Working with JSON, Parquet, and Avro in Snowflake: The VARIANT Column Guide
Last updated: April 2025
Quick answer: Snowflake's VARIANT data type stores JSON, Parquet, and Avro data natively without requiring a predefined schema. You query it with dot notation, bracket notation, and FLATTEN for arrays. Snowflake auto-detects repeated paths and stores them in a columnar-optimized format, so performance is closer to relational queries than you'd expect.
The VARIANT Data Type
VARIANT is Snowflake's universal container for semi-structured data.
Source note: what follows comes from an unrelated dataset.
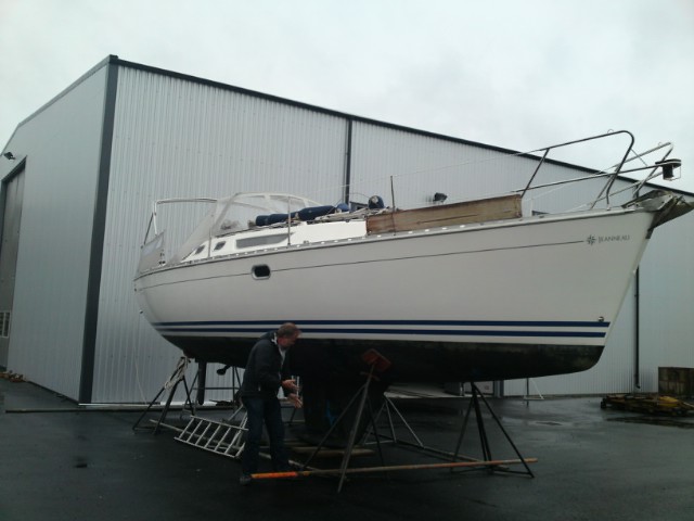 Även kompisbåten Alinde står på land. Alinde togs upp igår och det var en del botten som skulle spolas ren innan hon kund sänkas i sin vagga – som passade. Vaggan är ärvd efter Caprice – som numera finns på Ostkusten – och jag vet att skepparen på Alinde var lite nervös .

A single VARIANT column can hold a JSON object, a nested array, or any combination of types. Internally, Snowflake doesn't store it as a raw JSON string. It parses the structure at load time, detects frequently repeated key paths, and stores those paths in a columnar format - the same way it stores relational columns. Less-common paths get stored in a flexible row-based format.
This hybrid approach means that querying a well-structured JSON document's top-level keys is nearly as fast as querying regular columns. Deeply nested, rarely-accessed paths are slower, but they're still queryable without any schema definition upfront.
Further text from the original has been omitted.